# 2006 Specialized



## jcvdd (Apr 8, 2005)

Hello-
When do the 2006 hit the market ?
Has anyone seen the new 2006 yet at their LBS ?
Any pics of the 2006 ?
Thanks !


----------



## Scot_Gore (Jan 25, 2002)

jcvdd said:


> Hello-
> When do the 2006 hit the market ?
> Has anyone seen the new 2006 yet at their LBS ?
> Any pics of the 2006 ?
> Thanks !


It will vary by bike model in the line. I was in my LBS and they had a 2006 Hot Rock on the rack, but I bet that's not what you're looking for. 

Have you heard how Shimano's doing meeting their drive train demands these days. It slowed allot of the 2005's down last year. If they've still got a back log I would expect a repeat.

Scot


----------



## RiDE (May 28, 2004)

There' some here.

UK bikes tend to have different colors than US bikes though. I wonder if they kept the Tarmac E5 in the lineup.


----------



## marimba_artist (Dec 10, 2001)

Specialized is adding two cyclocross bikes to their lineup: the Tricross Comp with 105/Ultegra and the Tricross with Tiagra. A Specialized dealer should be able to show you the "Early Release" Specialized flyer with the Hardrock, Allez, and other lines. The '06 Epics, Stumpjumpers, and higher-end road bikes have not been released.


----------



## RiDE (May 28, 2004)

Thanks for the info, I'll go pass by my LBS tomorrow.

Here's an Allez Sport:


----------



## sjcaguy (Jul 14, 2005)

*Worth the wait for a newbie?*

Is it worth waiting for the '06 models? I'm shopping now and liking what I'm seeing from the Specialized line...planning more in-depth test rides this weekend. This thread has made me wonder-- if my LBS is a Specialized dealer and I like them, should I stick around and wait until the new models come in? 

I am pondering buying the Allez Comp Double this weekend, but I'm thinking I might want to stop in and ask if they know when they'll be getting the new bikes in (and if they know of anything new in the lineup that might be suitable).

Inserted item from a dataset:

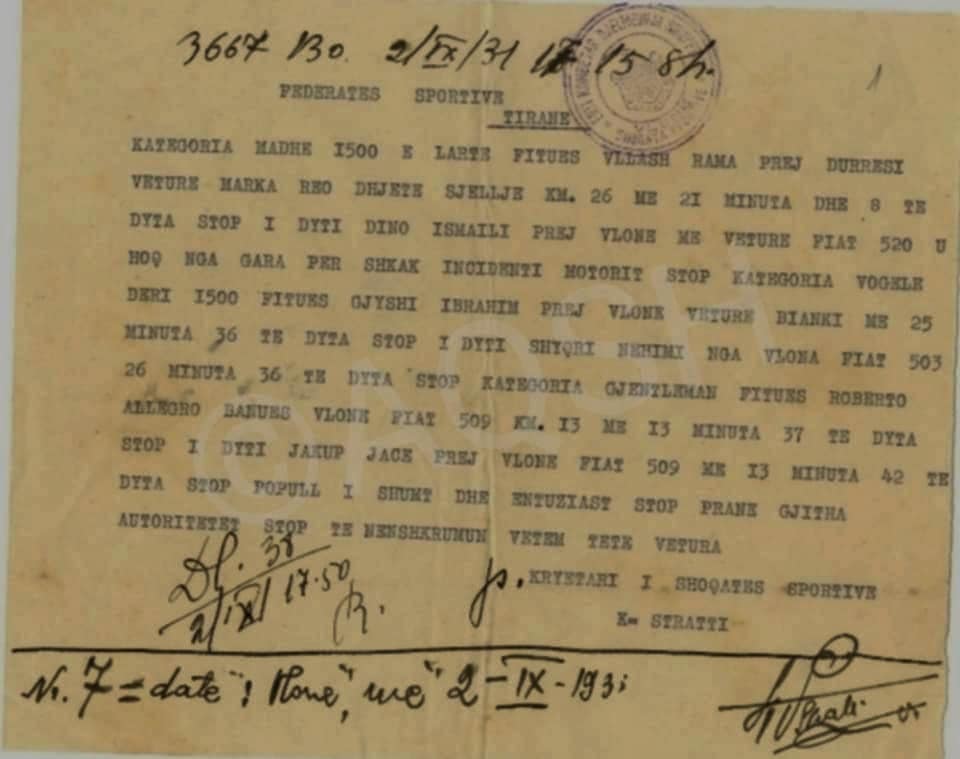 “Garat me makina, një nga zhvillimet më interesante të viteve ’20 në Shqipëri. Më 24 shtator të vitit 1929 u zhvillua gara e parë automobilistike. Më poshtë po sjellim dokumente interesante mbi zhvillimin e edicionit të dytë, në vitin 1931, ku përmenden emrat e garuesve, vendi se ku zhvillohej edhe lloji i automjeteve”, zbulojnë sot arkivat.

I'd appreciate anyone's thoughts/comments. 

Thanks!


----------



## Barkdog (Jul 15, 2005)

Looks like they've leaked info on '06 mountain bikes, for what it's worth. Check out this link:

http://www.mbaction.com/detail.asp?id=1385 ["SPECIALIZED DEBUTS CARBON FIBER S-WORKS--JULY 17"]


----------



## Guital2 (Jul 20, 2005)

I work at a LBS (specialized) what do you want to know about 06 models?


----------



## vs779 (Feb 22, 2005)

Guital2 said:


> I work at a LBS (specialized) what do you want to know about 06 models?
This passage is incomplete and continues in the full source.